I prowl forward again, my body temperature rising with every step, following her until we’re in the bedroom. She stops at the end of the bed. One nudge has her falling to the mattress. The way she gazes up at me could break me. With so much trust. So much love. I plant one fist into the sheets by her leg, the other on the other side, and crawl up, settling just right so my face is in line with her stomach. And I worship every inch of her skin, kissing her from one side to the other, over and over, inhaling her scent, kissing her scar, as she weaves her fingers through my hair, humming happily.
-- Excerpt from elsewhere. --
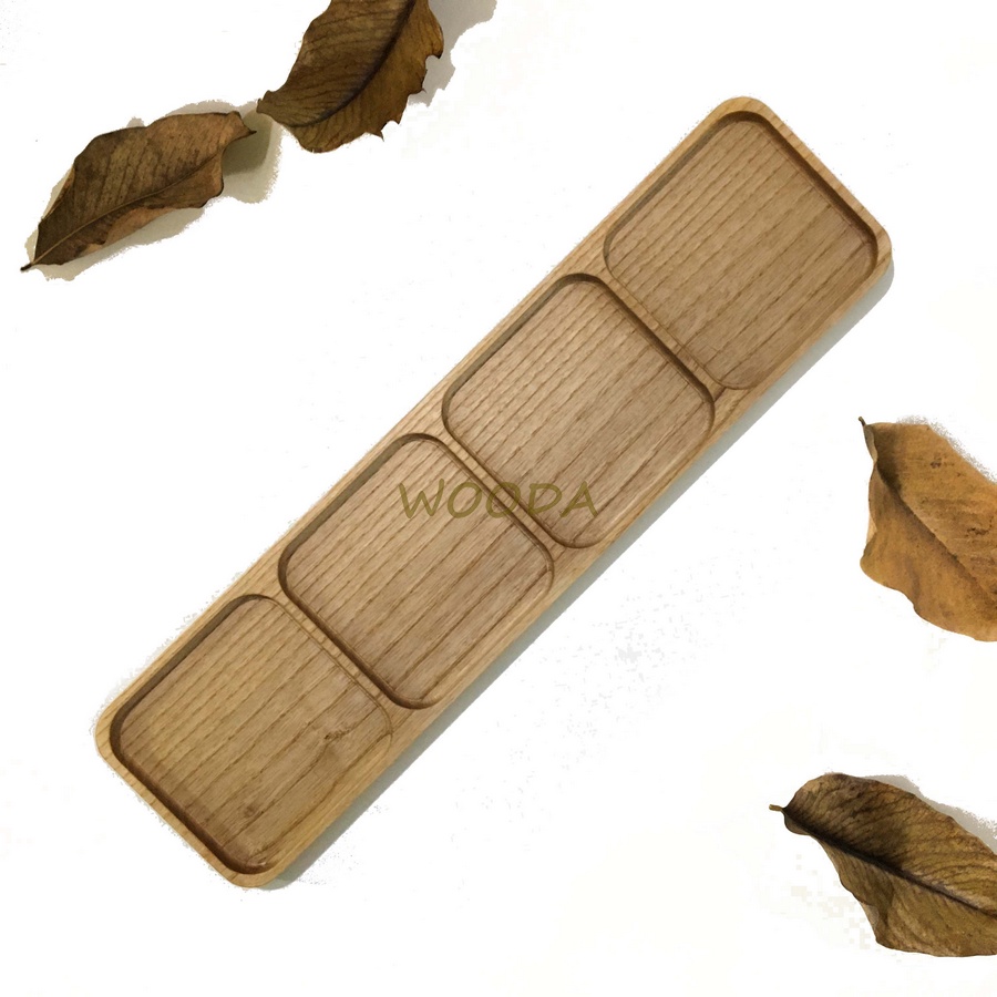 Khay gỗ bốn ngăn decor, đựng thức ăn

Sometimes, just being like this, so fucking close, so fucking in love with her, is as good as being buried inside of her.
Sometimes.
I kiss my way up to her face, tasting and smelling the sweet mango, and roll my hips, slipping into her easily. Her legs circle me, her arms hold me, her mouth adores me. Her breathy whimpers, my low grunts, her shallow cries, my extended moans, all mingle and meld together, creating the most beautiful music to make love to. My lips never leave hers. My groin grinds constantly. Her hips meet every roll. And when her short nails sink into my shoulders and she stiffens all over, I kiss her harder, pump firmer, groan louder.
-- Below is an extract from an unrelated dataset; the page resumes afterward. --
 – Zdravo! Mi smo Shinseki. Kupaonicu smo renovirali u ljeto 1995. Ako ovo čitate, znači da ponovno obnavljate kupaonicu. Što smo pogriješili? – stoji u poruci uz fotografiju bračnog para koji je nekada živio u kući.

Her yell of release triggers mine, and I come with force, groaning into her mouth as she whimpers into mine. And our eyes open at the exact same time. Meeting.
Love colliding.
I smile, inhale, and bury my face into her wet neck, tasting the salt of the air and of her sex sweat. “I missed you today,” I whisper, wondering why today more than any other day. Perhaps because after the call I took last night I know our time here with the sunshine constantly on our faces is coming to an untimely end. Life in St. Lucia is unbeatable. In fact, before last night, I was considering suggesting we buy a place here. Although I know that was already happening without saying.
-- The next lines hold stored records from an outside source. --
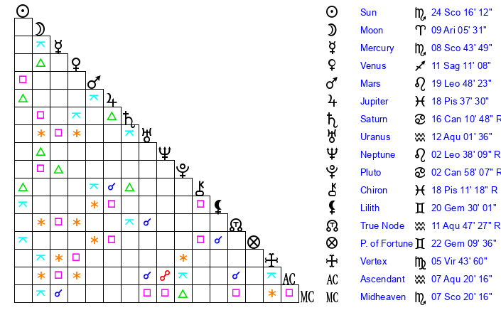 | Sun | 24 Scorpio 16 | 25 Scorpio 36 | 15 Pisces 48 |
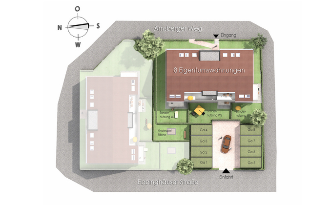 Als Sonderwunsch kann die Garage mit der Stromverkabelung für eine Ladestation für E-Autos(Wall-Box) ausgestattet werden. Pro Wohnung kann nur eine Garage erworben werden.
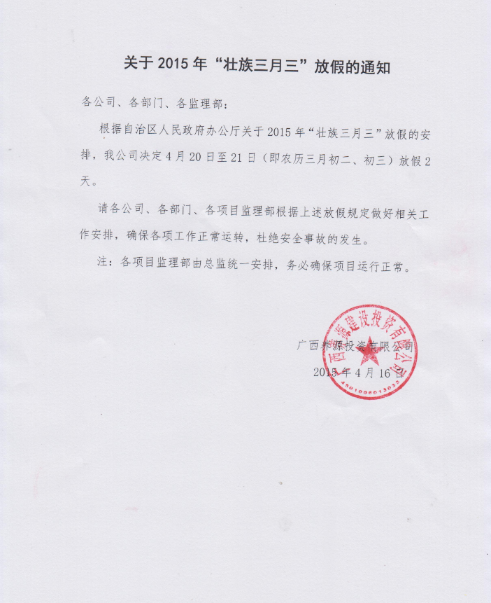 關(guān)于2015年“壯族三月三”放假的通知

“What’s going on with Danny and Rose?” Beau asks quietly, stroking soft circles across my back, making my shoulder blades pull together, my teeth gritting.
“You noticed something too, huh?”
“Yes, but she was cagey.”
“So was he.”
“So you don’t know what’s happened?”
“Not a clue. He hardly spoke a word the whole time I was with him.” I lick her skin, bite at her flesh, kiss her throat, and she writhes beneath me, sighing.
“So you didn’t discuss the fact that you both killed the wrong man?”
I smile into her skin before pulling out. “Actually, you killed the wrong man.”
Her nose wrinkles. “I was getting fed up with you two toddlers arguing about who was going to get the honor and pull the trigger.”
“Us two toddlers?” I ask, subtly laying my arm over hers above her head, effectively trapping them. She stiffens everywhere, which means her internal muscles squeeze my softening dick. It’s a fight to resist recharging and going again. “You want to recant that?” I walk my fingers down to her ribs, my look expectant, and she’s laughing before I even start tickling her. The sight is nothing short of perfection.
“Nope,” she says, and suddenly she’s moving. So fast, I don’t have a moment to consider what the fuck is happening and how the fuck it’s happening. I land on my back with a thud and Beau is straddling me. I look around, seeing I’m on the floor. “Do you submit?” she asks, making me grin, my mind invaded with a million flashbacks of the very first time I had her pinned to a floor.
“Never,” I breathe.
“Good.” She slams her lips on mine and kisses the daylights out of me, her tongue violent in its swirls, her mouth insatiable. This. Fuck . . . me. I once told Beau I was scared of us. Terrified. And I still am, because loving this hard, loving this intensely, has got to be dangerous.
I roll us, going at her with equal ferocity, fisting her hair, our mouths mad and clumsy.
I hiss. “Fuck.”
Beau pulls away sharply, panting. “What?”
“Nothing,” I say through gritted teeth, pain searing me. I go back to her mouth, but she turns her head, denying me.
“I’m fine.”
“Sure, Rambo,” she mutters, forcing my torso up and looking at the dressing on my shoulder. “It’s wet.” Unimpressed eyes land on me. “Why didn’t you put a waterproof dressing on it?”